Merhaba blog, nasilsin?
Gebelik bitti, analik rayina oturdu, e tatil falan da girla... Unuttun tabi buralari, desen, hakkindir.
Bir garip hallerdeyim blog. Bir an geliyor assiri sevgi dolu, umit doluyum. Bir an geliyor karalar baglayip nefret duygumu korukluyorum. Boyle yazinca bu uctan uca evrilmeler ruh sagligi problemi gibi gorunse de gunluk yasam olaylari ile sekillenen seyler aslinda.
Soyle ki, is yerindeki oda arkadasim beni Bimere sikayet etti. Etmis. Onun isleriyle ugrasiyorum, keyfim kacik, tadim tuzum gidiyor bu yuzden. Bayramdan sonra ne halim varsa gorecegim sanirim. Bakalim.
Bir yandan da terapist olmaya bir adim daha yaklastim. Ucretsiz izin buna yarayacak gibi. Az kaldi, sik disini Pinar.

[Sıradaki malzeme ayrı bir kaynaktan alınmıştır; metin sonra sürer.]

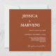 Este convite de casamento em terracota é exatamente o que você precisa para completar seu casamento moderno rústico boêmio. Ideal para um visual ocidental minimalista clássico ou um sentimento boho de outono retrô. A escrita branca natural básica se destaca contra o vibrante fundo de outono.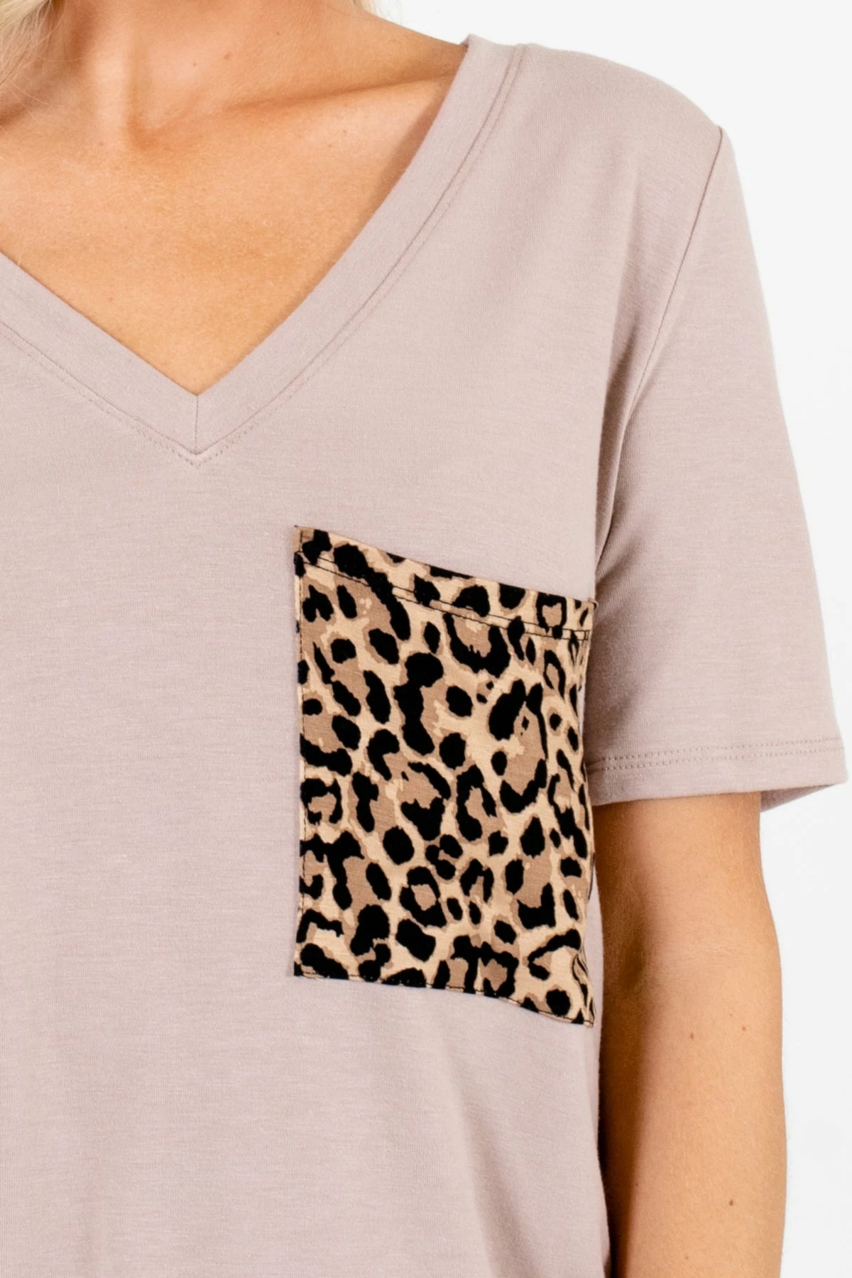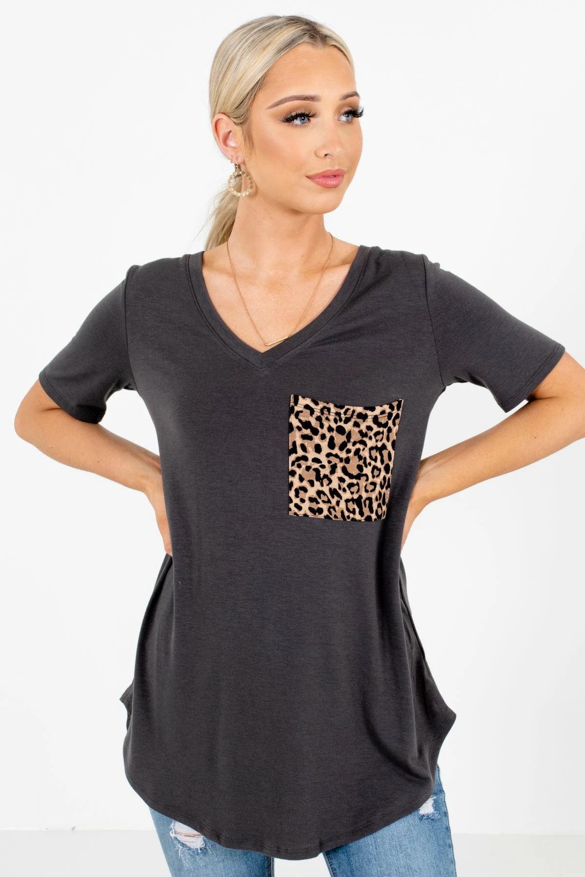 Our new She’s Dangerous Pocket Tee will quickly become your new favorite top! This tee features a brown and black leopard print patterned front pocket. We’re in love with the v-neckline and short sleeves! The high-quality, stretchy material creates a relaxed and comfortable fit. Pair our She’s Dangerous Pocket Tee with distressed denim shorts and your favorite sandals to create a fun outfit!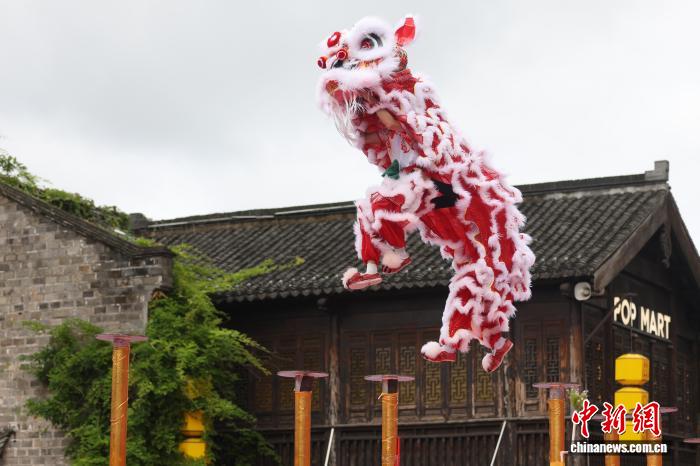 图为来自缅甸龙的传人龙狮团的参赛选手在比赛中。中新社记者 泱波 摄

Bir projem var, "bos buldugun yere agac dik!" Terapi grubundaki arkadaslarimin da anildigi minik bir orman yaratma surecindeyim. Ilk agacimi diktim bile. Nasil iyi hissettirdi, anlatamam. Simdi de cekirdeklerden ve surgunlerden fidan yetistirme cabasi icindeyim. Cok seviyorum. Cok egleniyorum.
Bu gelgit yasantilar icinde dunya iyi mi kotu mu, ben iyi miyim kotu muyum, allak bullak oluyorum. Kizima bok gibi bir yerdesin algisi yaratmak istemiyorum. Aksine, dokunabilirsin, dokun, bu evren senin, degerli kil demek istiyorum. Yureklerimizi iyilestirip oyle yola devam edelim istiyorum. Buyuk resimdeki agaci, hayvani, dogali bulup ona kiymet verelim istiyorum, uc bes paraya aldigimiz pantolona degil. Kizim da oyle olsun istiyorum.
Tabi butun bu duygu seli icindeyken kimse beni isirmasin istiyorum. Uzuluyor, sinirleniyorum.
Lidya buyuyor, cok hizli. Onunla buyuyen biz icin de, daha iyi bir dunya yaratmaya calisiyorum.